START Records

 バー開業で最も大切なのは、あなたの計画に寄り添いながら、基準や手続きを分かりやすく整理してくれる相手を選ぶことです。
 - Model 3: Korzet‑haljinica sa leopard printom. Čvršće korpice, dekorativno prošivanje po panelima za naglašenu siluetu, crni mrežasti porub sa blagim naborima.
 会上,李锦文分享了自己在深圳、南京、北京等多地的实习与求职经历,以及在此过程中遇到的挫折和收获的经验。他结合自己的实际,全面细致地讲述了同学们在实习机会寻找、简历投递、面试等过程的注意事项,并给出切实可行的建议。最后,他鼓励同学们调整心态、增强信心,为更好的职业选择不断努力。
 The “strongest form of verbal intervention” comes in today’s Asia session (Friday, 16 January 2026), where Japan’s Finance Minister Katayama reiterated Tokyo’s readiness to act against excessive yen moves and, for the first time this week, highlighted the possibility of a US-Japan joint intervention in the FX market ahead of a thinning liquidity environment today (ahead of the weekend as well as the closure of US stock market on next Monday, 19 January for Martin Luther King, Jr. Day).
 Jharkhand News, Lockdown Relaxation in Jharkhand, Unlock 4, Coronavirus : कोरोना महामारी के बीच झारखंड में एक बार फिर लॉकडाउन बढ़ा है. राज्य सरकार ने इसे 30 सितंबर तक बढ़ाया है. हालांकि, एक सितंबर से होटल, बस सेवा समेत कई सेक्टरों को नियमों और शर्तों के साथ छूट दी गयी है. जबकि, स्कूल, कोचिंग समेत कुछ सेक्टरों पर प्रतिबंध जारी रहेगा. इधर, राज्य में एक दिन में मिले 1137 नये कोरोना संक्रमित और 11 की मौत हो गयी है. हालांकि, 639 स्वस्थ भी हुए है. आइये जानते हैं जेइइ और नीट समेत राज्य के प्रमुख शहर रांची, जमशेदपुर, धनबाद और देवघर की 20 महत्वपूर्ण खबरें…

END Records
START Records

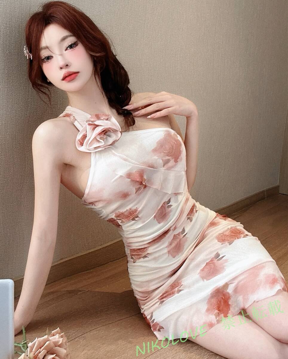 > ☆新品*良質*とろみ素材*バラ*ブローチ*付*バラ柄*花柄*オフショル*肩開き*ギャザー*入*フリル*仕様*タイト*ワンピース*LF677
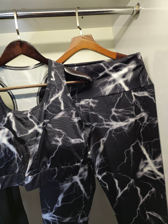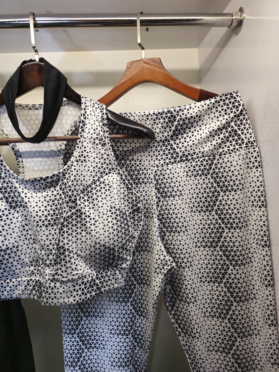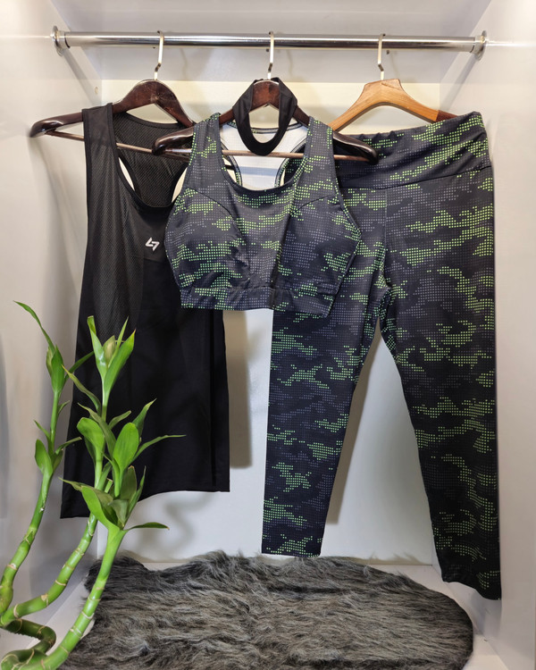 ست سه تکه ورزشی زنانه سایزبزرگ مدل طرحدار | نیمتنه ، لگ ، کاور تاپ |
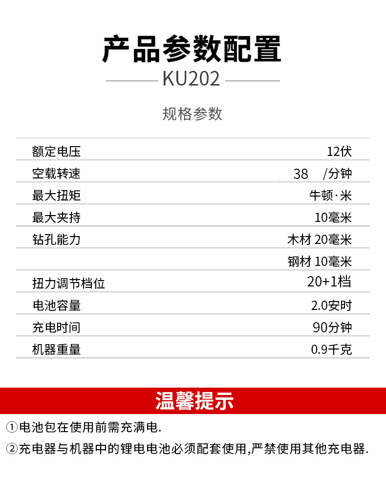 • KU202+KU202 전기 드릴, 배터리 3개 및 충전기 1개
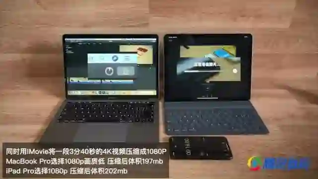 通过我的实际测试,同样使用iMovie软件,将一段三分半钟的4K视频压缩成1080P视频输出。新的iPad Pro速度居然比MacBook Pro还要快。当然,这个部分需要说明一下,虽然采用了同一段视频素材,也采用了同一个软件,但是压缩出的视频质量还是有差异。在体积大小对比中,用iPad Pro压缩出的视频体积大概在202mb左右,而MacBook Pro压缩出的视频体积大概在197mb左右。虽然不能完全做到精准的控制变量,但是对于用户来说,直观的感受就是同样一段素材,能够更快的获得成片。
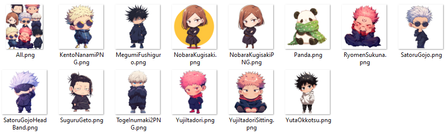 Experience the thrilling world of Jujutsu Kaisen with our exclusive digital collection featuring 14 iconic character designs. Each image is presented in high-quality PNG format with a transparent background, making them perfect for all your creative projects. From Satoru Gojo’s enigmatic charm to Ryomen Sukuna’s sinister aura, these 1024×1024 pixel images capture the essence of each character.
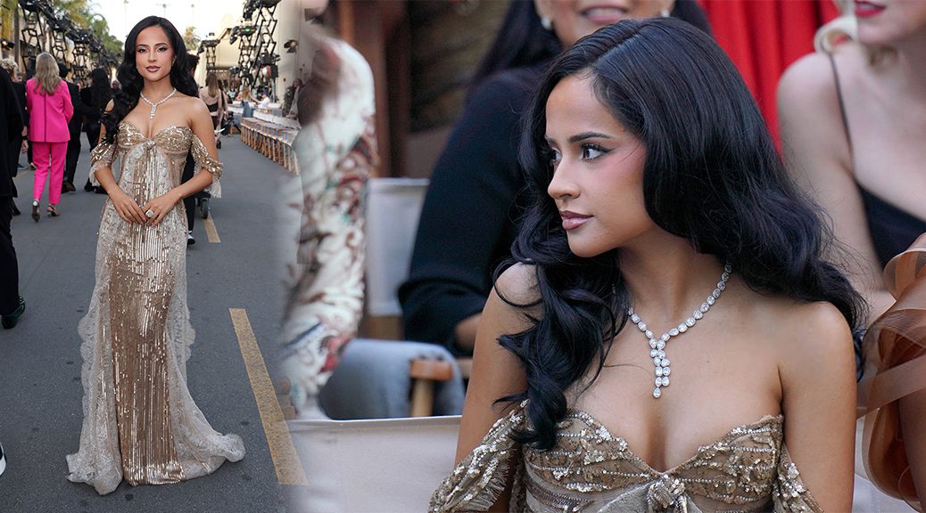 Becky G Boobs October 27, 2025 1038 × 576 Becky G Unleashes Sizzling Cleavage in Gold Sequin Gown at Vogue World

END Records

▸ **Task item**: I'd like the lines above repeated exactly, from the one that contains "Experience the thrilling" through the one that contains "Becky G Boobs", with no pictures.

▸ **Response area**:
 Experience the thrilling world of Jujutsu Kaisen with our exclusive digital collection featuring 14 iconic character designs. Each image is presented in high-quality PNG format with a transparent background, making them perfect for all your creative projects. From Satoru Gojo’s enigmatic charm to Ryomen Sukuna’s sinister aura, these 1024×1024 pixel images capture the essence of each character.
 Becky G Boobs October 27, 2025 1038 × 576 Becky G Unleashes Sizzling Cleavage in Gold Sequin Gown at Vogue World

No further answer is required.